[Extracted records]
· · · · · · ·

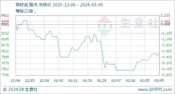 3月5日生意社菜籽油基准价为7965.00元/吨
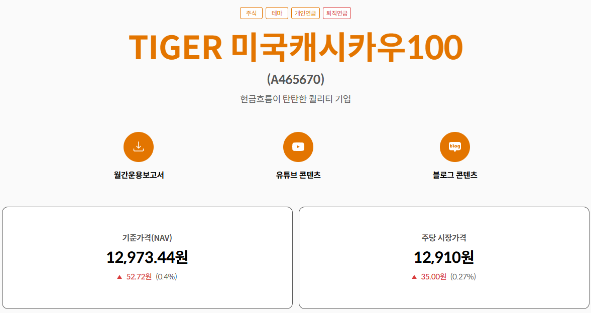 상품명 : TIGER 미국캐시카우100
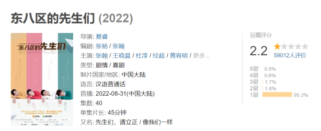 据悉,《东八区的先生们》是由张翰、王晓晨、杜淳、经超、黄宥明领衔主演,张翰还是这部剧的编剧,所以从一开始网友对这部剧的期待值就很高,但没想到这部剧的豆瓣评分只有2.2分,有95.2%的人打出了1星,5万多人全部都给了差评,这么低的分足以说明这部戏的质量不高,但没想到,这部剧中还有很多让人无法理解的镜头,疑似还有职场骚扰。
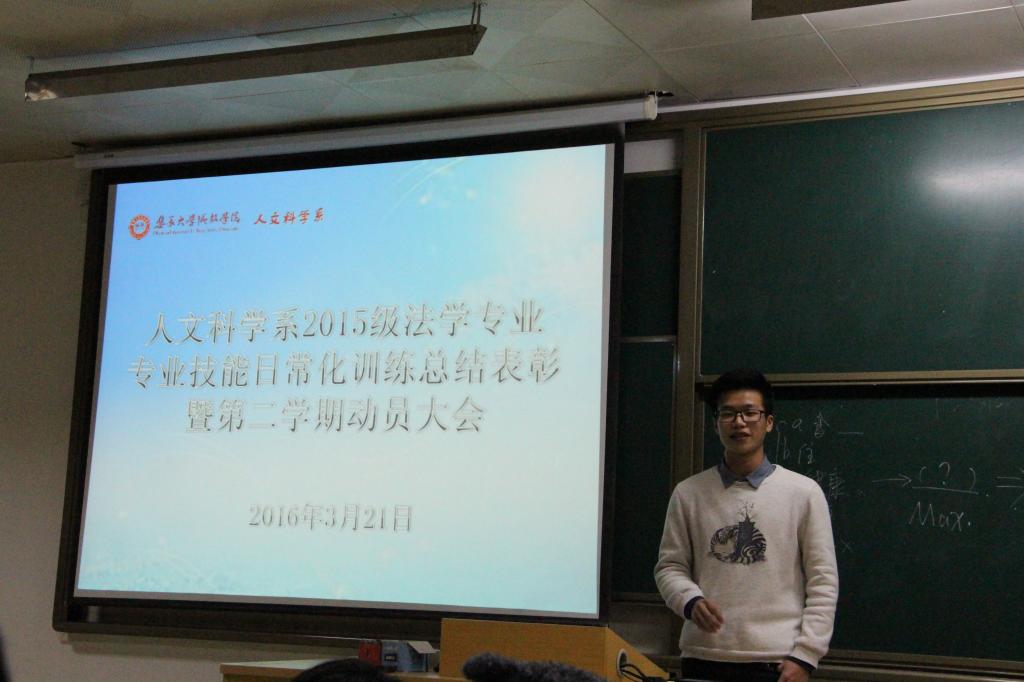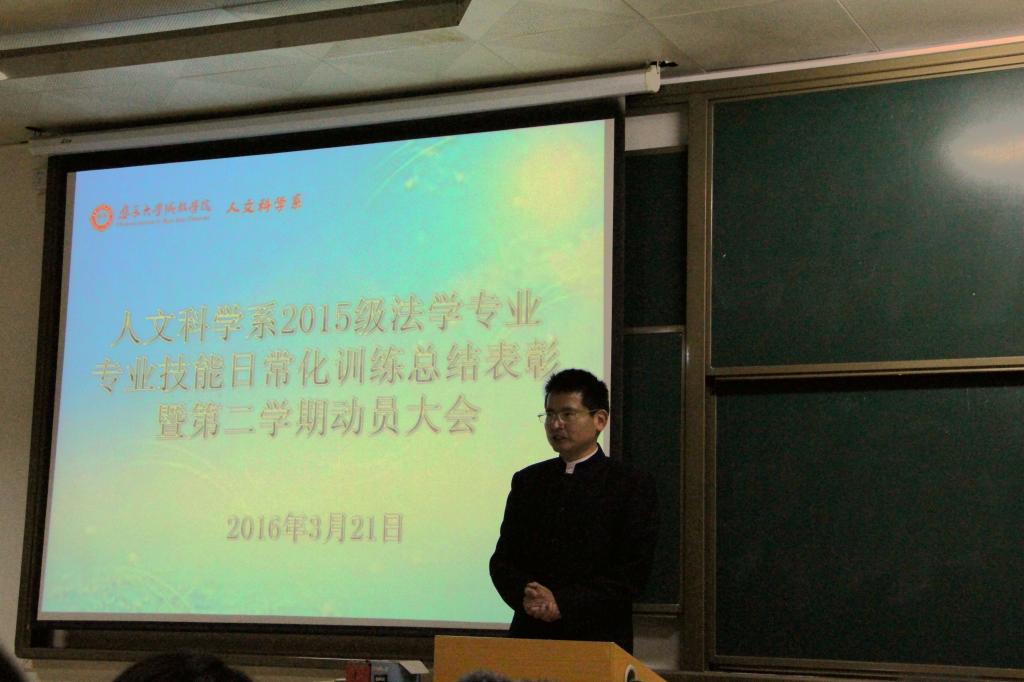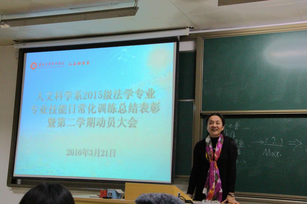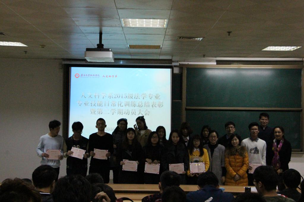 3月21日,我院人文科学系2015级法学专业技能日常化训练表彰大会在教学楼9#201举行,出席本次活动的有人文科学系党总支部书记涂静萍、法学教研室主任陈明祥副教授、陈娟辅导员以及各任课老师。
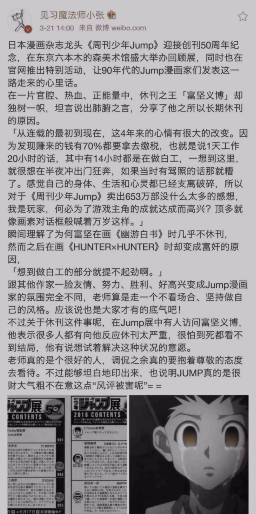 但在《周刊少年JUMP》的50周年庆时,富坚第一次说出了他频繁休刊的原因
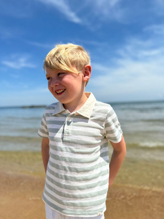 Anchor Polo | Grey/White Striped Slub
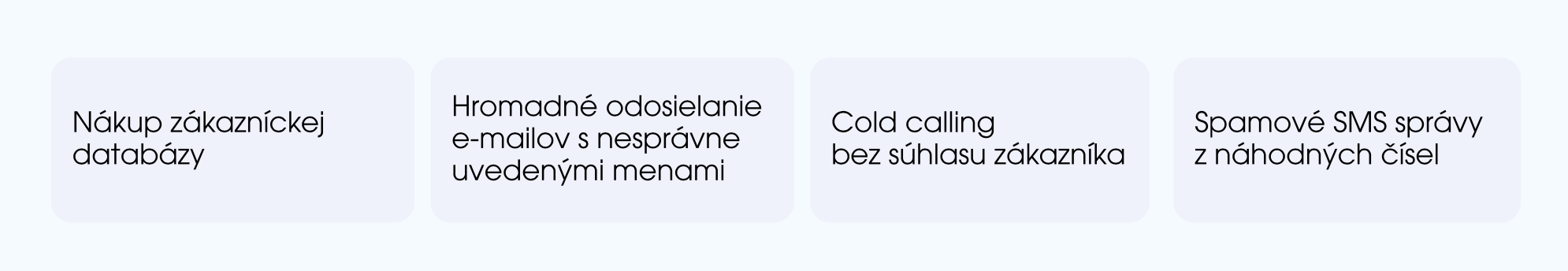 A to nehovoríme o príležitostnej chybe s pozdravom „Ahoj, {first name}“, ktorej sa pri odoslaní komunikácie obáva každý marketér či obchodník. Hovoríme o praktikách, ktoré narúšajú súkromie, porušujú legislatívu a vytvárajú zlé meno všetkým spoločnostiam. A okrem iného, veď to asi sami poznáte, keď vám kolega obchodník vyčíta akúkoľvek maličkosť, ktorá „nasrdila” práve jeho klienta.
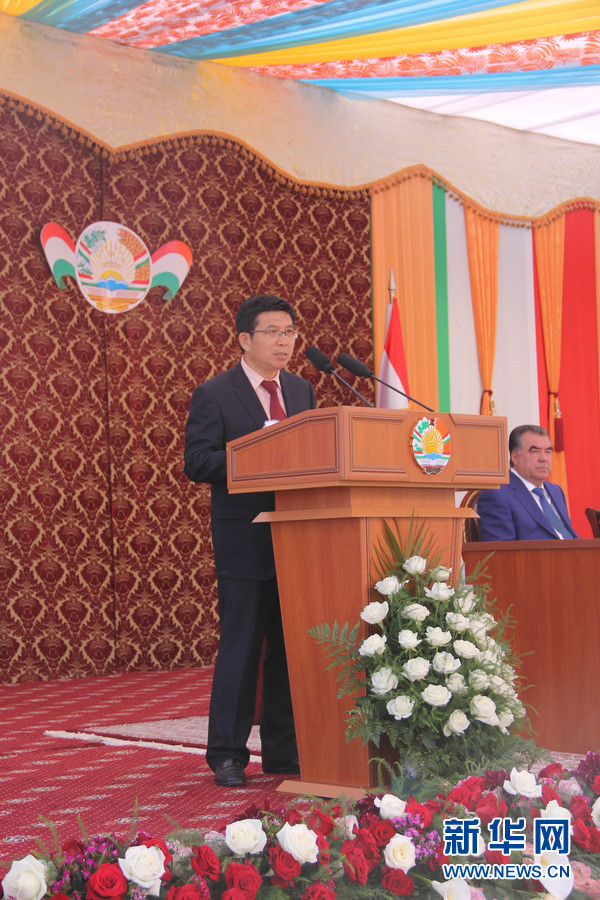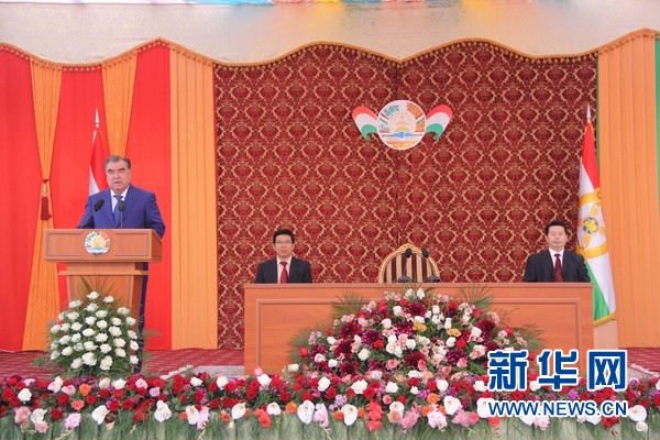 拉赫蒙总统讲话 (新华社记者 王峰 摄)
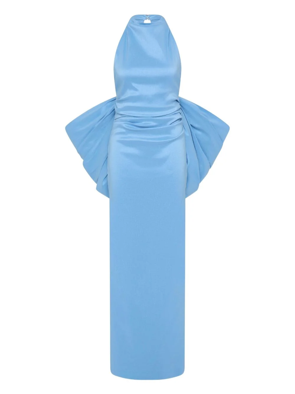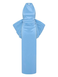 Lottie bow-detail halterneck gown Highlights - Light blue - Halterneck - Open back - Draped bow detail - Floor-length skirt Imported Composition Nylon 50%, Polyester 50% Washing instructions Dry Clean Only

· · · · · · ·

In your copy, include no pictures; print every line above exactly.

 3月5日生意社菜籽油基准价为7965.00元/吨
 상품명 : TIGER 미국캐시카우100
 据悉,《东八区的先生们》是由张翰、王晓晨、杜淳、经超、黄宥明领衔主演,张翰还是这部剧的编剧,所以从一开始网友对这部剧的期待值就很高,但没想到这部剧的豆瓣评分只有2.2分,有95.2%的人打出了1星,5万多人全部都给了差评,这么低的分足以说明这部戏的质量不高,但没想到,这部剧中还有很多让人无法理解的镜头,疑似还有职场骚扰。
 3月21日,我院人文科学系2015级法学专业技能日常化训练表彰大会在教学楼9#201举行,出席本次活动的有人文科学系党总支部书记涂静萍、法学教研室主任陈明祥副教授、陈娟辅导员以及各任课老师。
 但在《周刊少年JUMP》的50周年庆时,富坚第一次说出了他频繁休刊的原因
 Anchor Polo | Grey/White Striped Slub
 A to nehovoríme o príležitostnej chybe s pozdravom „Ahoj, {first name}“, ktorej sa pri odoslaní komunikácie obáva každý marketér či obchodník. Hovoríme o praktikách, ktoré narúšajú súkromie, porušujú legislatívu a vytvárajú zlé meno všetkým spoločnostiam. A okrem iného, veď to asi sami poznáte, keď vám kolega obchodník vyčíta akúkoľvek maličkosť, ktorá „nasrdila” práve jeho klienta.
 拉赫蒙总统讲话 (新华社记者 王峰 摄)
 Lottie bow-detail halterneck gown Highlights - Light blue - Halterneck - Open back - Draped bow detail - Floor-length skirt Imported Composition Nylon 50%, Polyester 50% Washing instructions Dry Clean Only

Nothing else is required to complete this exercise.